OBJECTIVE To develop and validate a real-time quantitative PCR (qPCR) assay for the detection and quantification of Mycoplasma ovis in goats and investigate the prevalence and risk factors for hemoplasma infection of goats located in Indiana.

ANIMALS 362 adult female goats on 61 farms.

PROCEDURES Primers were designed for amplification of a fragment of the dnaK gene of M ovis by use of a qPCR assay. Blood samples were collected into EDTA-containing tubes for use in total DNA extraction, blood film evaluation, and determination of PCV. Limit of detection, intra-assay variability, interassay variability, and specificity of the assay were determined.

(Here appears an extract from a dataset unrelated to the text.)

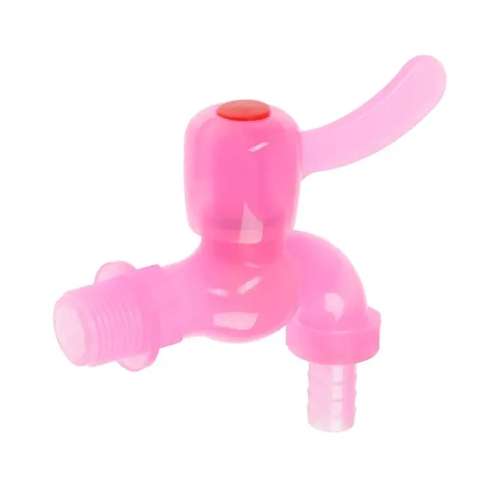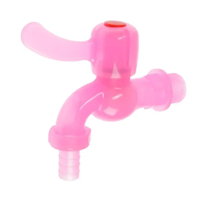 Кран водоразборный ZEIN, 1/2", со штуцером, с плоской ручкой, PP, шаровой механизм, розовый

RESULTS Reaction efficiency of the qPCR assay was 94.45% (R2, 0.99; slope, −3.4623), and the assay consistently detected as few as 10 copies of plasmid/reaction. Prevalence of infection in goats on the basis of results for the qPCR assay was 18.0% (95% confidence interval, 14% to 22%), with infected goats ranging from 1 to 14 years old, whereby 61% (95% confidence interval, 47% to 73%) of the farms had at least 1 infected goat. Bacterial load in goats infected with M ovis ranged from 1.05 × 103 target copies/mL of blood to 1.85 × 105 target copies/mL of blood; however, no bacteria were observed on blood films. Production use of a goat was the only risk factor significantly associated with hemoplasma infection.

CONCLUSIONS AND CLINICAL RELEVANCE The qPCR assay was more sensitive for detecting hemoplasma infection than was evaluation of a blood film, and production use of a goat was a risk factor for infection.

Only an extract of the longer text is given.